What the Accidental Locavore Does With Arugula, Peas, Broccoli and More
This week's farm box for the Accidental Locavore was packed full of great stuff! There were radishes, turnips (both with their greens), green and yellow beans, peas, arugula, mesclun, perfect tiny heads of broccoli, small bunches of dill, rosemary, thyme and sage and the last of the season's strawberries.
When the Locavore drove up to pick up my box, all the plants at the farm that had been under cover were suddenly almost a foot tall. So what to do with all this bounty? First, an arugula pesto made with some of last week's wild arugula, tossed over homemade fettuccine. Then added: sautéed peas and broccoli with strips of prosciutto and topped all of it with Parmesan. Delicious!

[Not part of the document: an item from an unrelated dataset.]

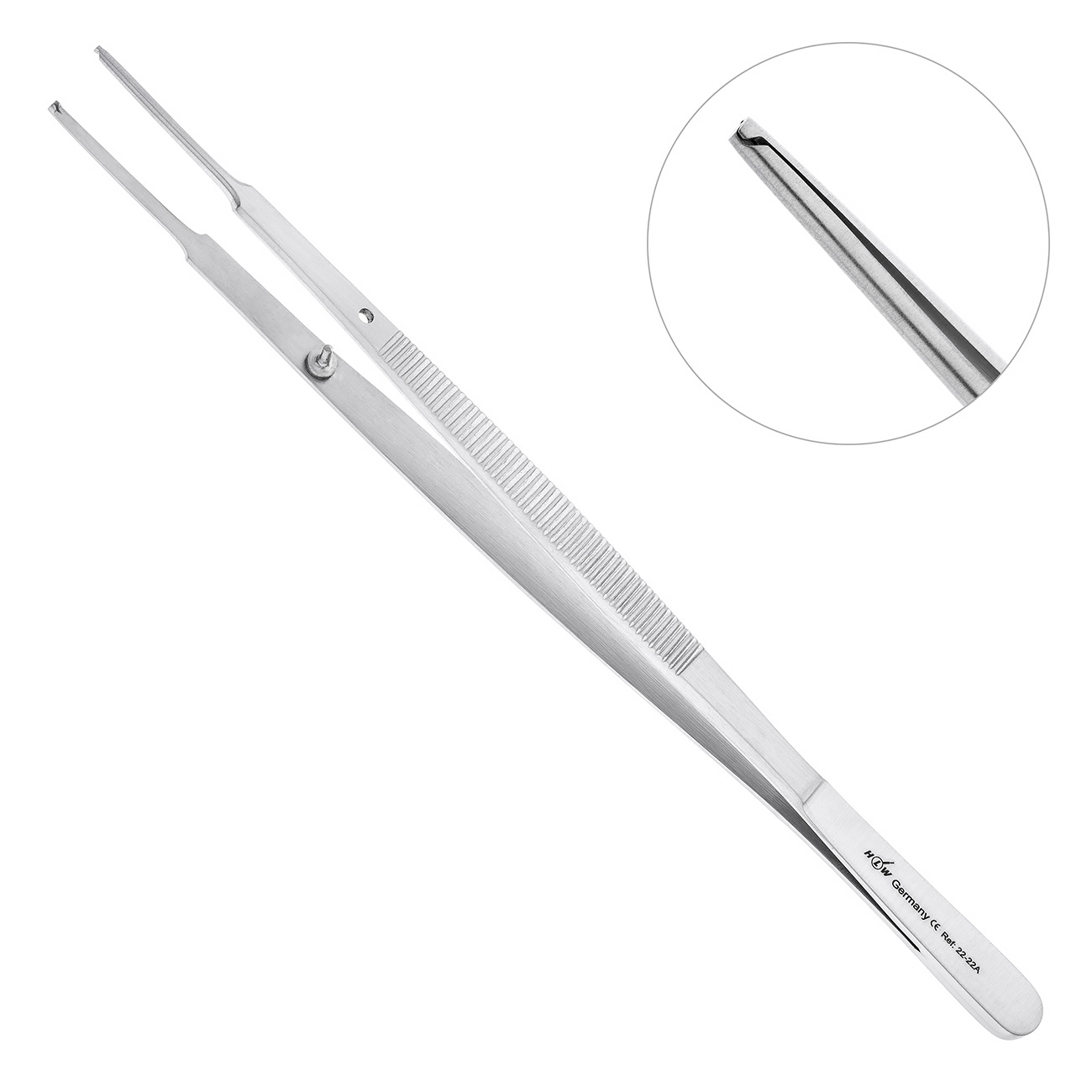 - Рабочие поверхности пинцета с внутренней стороны имеют продольные атравматические насечки для деликатного захвата и удерживания мягких тканей в ротовой полости. Изгиб по плоскости в рабочей части инструмента обеспечивает доступ в глубокие и труднодоступные участки полости рта.

The beans inspired a Salad Nicoise with some of the beautiful lettuce, a couple radishes, basil from the garden, local eggs, and lots more goodies.

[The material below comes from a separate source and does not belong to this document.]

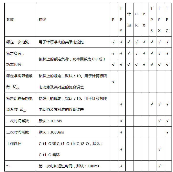 (3)级别:被测绕组的级别,对于CT,有P、TPY、计量、PR、PX、TPS、TPX、TPZ等8个选项。

Then, the rest of the broccoli, tossed in olive oil, lemon juice, garlic, steamed for a few minutes and roasted to go with grilled steak. Great broccoli!
Later in the week, the peas were quickly sautéed in olive oil with toasted cumin seeds, cayenne and a splash of lemon juice to go with an Indian salmon in mustard sauce.And for a home-alone locavore, braised turnip greens were used as a bed for a pan- seared lamb chop, fragrant with the rosemary and a little garlic.
The Accidental Locavore has been feeling a little guilty about the massive amount of plastic bags used for storing all these great greens and has been trying to re-use them when possible. Recently I was checking out alternative storage solutions, which seem to be limited and still mostly plastic. Any kind of hard containers (plastic or glass) take up way to much (already limited) refrigerator space. And just dumping greens in the crisper drawer doesn’t work because they go limp way too quickly.
Any good ideas for storing produce out there?